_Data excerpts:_

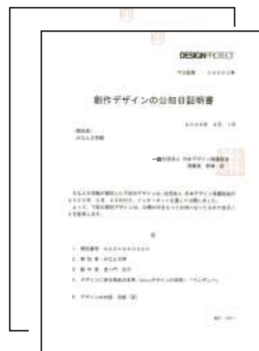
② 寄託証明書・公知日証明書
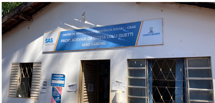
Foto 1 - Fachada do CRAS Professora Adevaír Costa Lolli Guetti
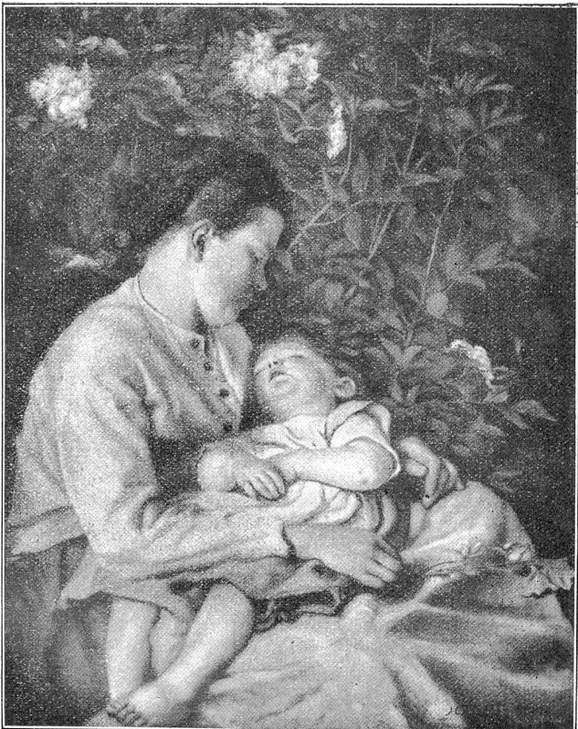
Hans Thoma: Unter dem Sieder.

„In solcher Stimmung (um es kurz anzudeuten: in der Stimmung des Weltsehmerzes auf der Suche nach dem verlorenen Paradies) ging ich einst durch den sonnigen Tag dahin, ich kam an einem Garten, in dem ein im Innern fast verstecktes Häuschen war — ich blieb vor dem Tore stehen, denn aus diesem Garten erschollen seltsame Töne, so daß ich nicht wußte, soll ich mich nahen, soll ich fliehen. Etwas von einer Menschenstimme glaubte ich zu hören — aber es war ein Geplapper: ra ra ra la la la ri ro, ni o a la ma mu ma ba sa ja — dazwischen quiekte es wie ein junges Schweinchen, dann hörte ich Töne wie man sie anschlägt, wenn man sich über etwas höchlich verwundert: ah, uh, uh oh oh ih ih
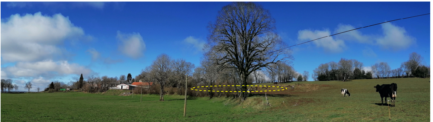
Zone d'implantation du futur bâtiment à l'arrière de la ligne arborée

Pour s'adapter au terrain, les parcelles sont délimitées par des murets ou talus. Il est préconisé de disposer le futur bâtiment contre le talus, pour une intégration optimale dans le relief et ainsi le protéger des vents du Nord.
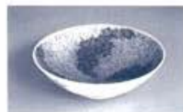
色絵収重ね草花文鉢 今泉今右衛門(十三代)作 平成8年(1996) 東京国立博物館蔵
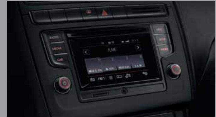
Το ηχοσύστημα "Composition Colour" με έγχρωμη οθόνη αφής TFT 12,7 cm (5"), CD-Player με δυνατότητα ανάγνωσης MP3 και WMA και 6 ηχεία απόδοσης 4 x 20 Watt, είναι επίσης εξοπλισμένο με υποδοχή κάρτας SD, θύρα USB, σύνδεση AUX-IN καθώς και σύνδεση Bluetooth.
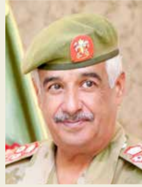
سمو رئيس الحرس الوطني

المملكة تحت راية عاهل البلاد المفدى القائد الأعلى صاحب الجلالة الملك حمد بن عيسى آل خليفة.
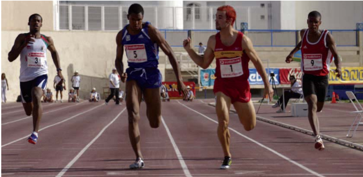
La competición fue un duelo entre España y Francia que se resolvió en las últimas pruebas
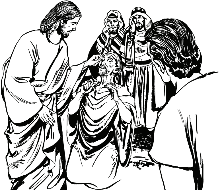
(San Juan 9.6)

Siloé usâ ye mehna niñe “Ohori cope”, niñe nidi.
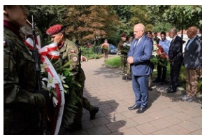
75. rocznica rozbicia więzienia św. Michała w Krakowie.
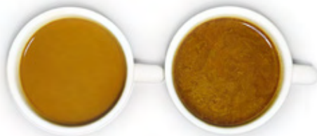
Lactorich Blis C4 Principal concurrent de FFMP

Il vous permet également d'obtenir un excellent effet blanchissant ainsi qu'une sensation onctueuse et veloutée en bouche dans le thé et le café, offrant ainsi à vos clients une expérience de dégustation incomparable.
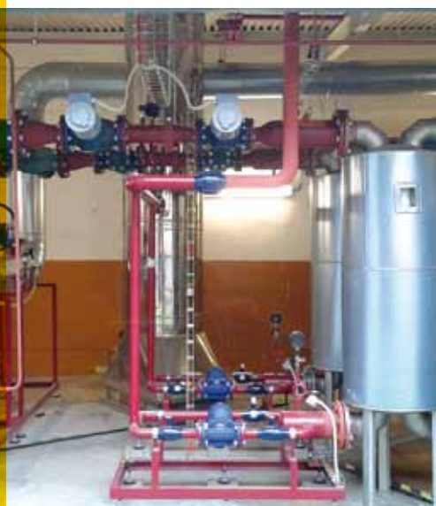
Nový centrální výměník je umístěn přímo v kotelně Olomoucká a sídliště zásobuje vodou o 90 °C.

_Exercise:_ Among the preceding records, how many lines include the word "futur"? Reply with the number only.

_Solution to this exercise:_ 2